Yes, it is a case of misinformation.  The 17 July 1985 issue of the
New Jersey newspaper "The Star-Ledger" reported 

  >The unidentified juveniles, arrested following an intensive
  >computer theft probe by South Plainfield, county and federal
  >authorities, also participated in elaborate schemes to steal
  >merchandise using stolen credit card numbers and reprogrammed
  >an American Telephone and Telegraph (AT&T) communications
  >satellite to disrupt phone conversations on two continents,
  >according to Prosecutor Alan A. Rockoff.
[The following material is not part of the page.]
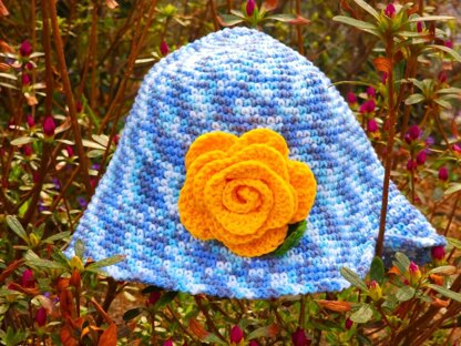 Clio Bucket Hat is worked in spiral rounds and has 3 sections :Crown , Middle Section and a wide Brim that can be worn rolled up or down as you like it. You can embellish your hat with a rose with leaves,

An article in the same paper two days later, on 19 July 1985 reported

  >The seven, who are strangers to each other but communicated
  >regularly on part of a nationwide computer "billboard" network
  >for hobbyists, are accused of stealing computer informational
  >services, stealing telephone services, disrupting satellite
  >communications and exchanging information on how to make
  >explosives and tap into Pentagon and defense contractors over
  >coded phone lines.

Time magazine reported on July 29, 1985 (p 65)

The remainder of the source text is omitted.